You're right though, being a police officer comes with an expectation that doesn't match your pay. If you're on the subway, there is a police officer in uniform standing nearby, and a guy attacks you, the expectation is that the cop would save you. However, in 2011 Maksin Gelman had a stabbing spree in NYC that culminated in an attack on Joseph Lozito. The attack occurred on a subway, with Lozito being stabbed in the head and face while police watched from the conductor's booth. It wasn't until Lozito had wrestled his assailant to the ground and detained him that the police helped him.

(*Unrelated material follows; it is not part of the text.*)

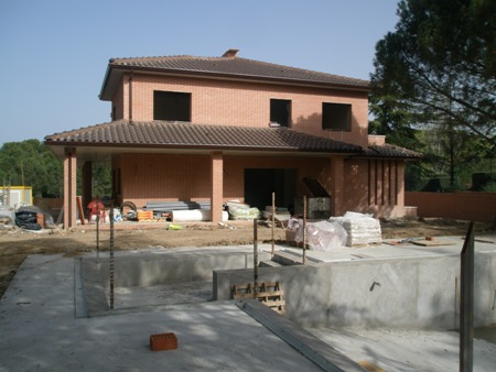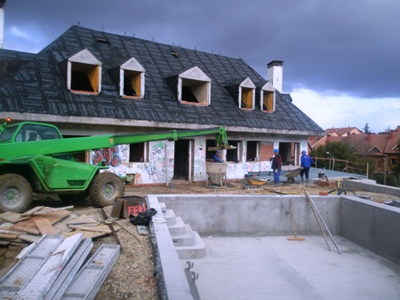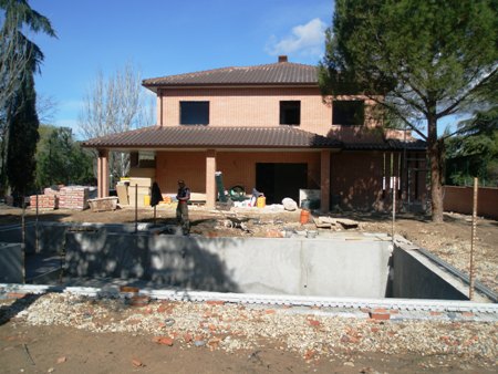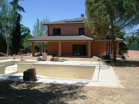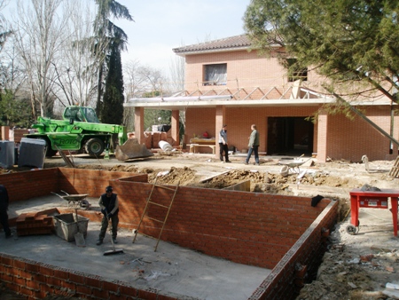 Se estan colocando la pendiente de la cubierta y la teja . La piscina esta preparada para colocar el mallazo y gunitar sobre los muros de ladrillo .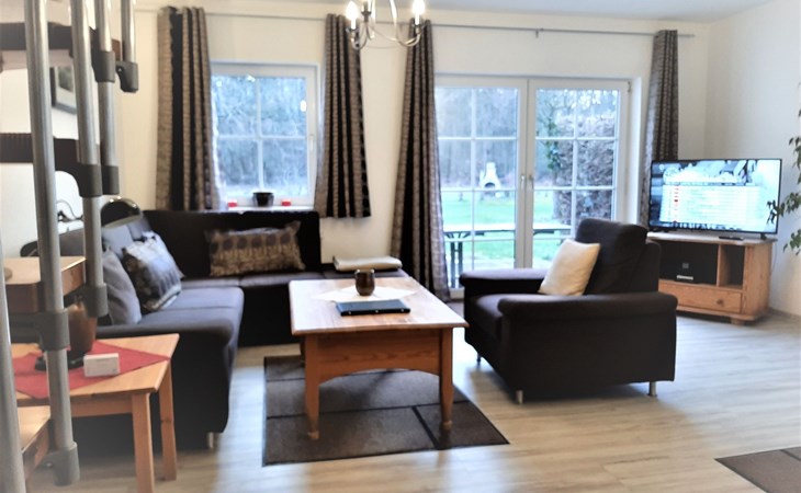 The flat, a top-rated four-star holiday flat with 75sqm on 2 levels, offers space for 2 - 4 people. It has 2 bedrooms, a spacious kitchen, guest WC, dishwasher, washing machine and tumble dryer (in a separate room), as well as a furnished terrace with direct access to the garden. The open-plan design and complete furnishings guarantee a comfortable and carefree stay. The living experience is completed by the provision of bed linen, towels, cots and highchairs at no extra cost.

Lozito sued the NYPD for not helping him and the judge decided that it wasn't the police's duty to save his life. On the day of the assault the police didn't even perform first aid on Lozito, it was another subway goer that save his life.

EDIT: I'll be the first one to say fuck the police, but if you want actually good police then the first step is to pay them to match what you expect of them or else you'll end up with a bunch of gun toting assholes who won't do shit.

[–] [email protected] -2 points 10 months ago (1 children)

Of the responses I have gotten I feel like you have the closest response to the truth. Having good cops comes down to trust. If we had a police force of non-opportunistic saints who will go through anything to do the right thing then we might have something which meets the public's expectation of the police. Short of that they are people who put their own lives and well being above that of the public. Police aren't out there to save you, they aren't really out there to stop crimes. They are out there to charge people with committing crimes. I feel like some understanding should be out there for the public though, police aren't there to save you, they are there to charge people for having committed a crime. Ideally they will stop a crime as it is occurring or by their presence prevent a crime from occurring, but if you think the Police are there to save you then you're wrong.

That's the average scenario. That's the Uvalde cop looking on as a school shooting occurs. The idea of a cop running into a school shooting is the "BEST" scenario.

Unfortunately the norm for police is far less than that, because the pay doesn't incentivize better people to want to be police. It comes down to those the factors: pay, work life balance, and danger. Pick 2 of 3, low danger, high wages, or good work life balance.

[–] [email protected] 0 points 10 months ago

Yeah, but that comes back to the same point where pay incentivizes bad cops. It's not quite that clear cut, but it's not far from the truth. I don't begrudge someone working a second job, and assuming we're talking about good cops not getting kickbacks, police shouldn't have to work two jobs to make ends meet.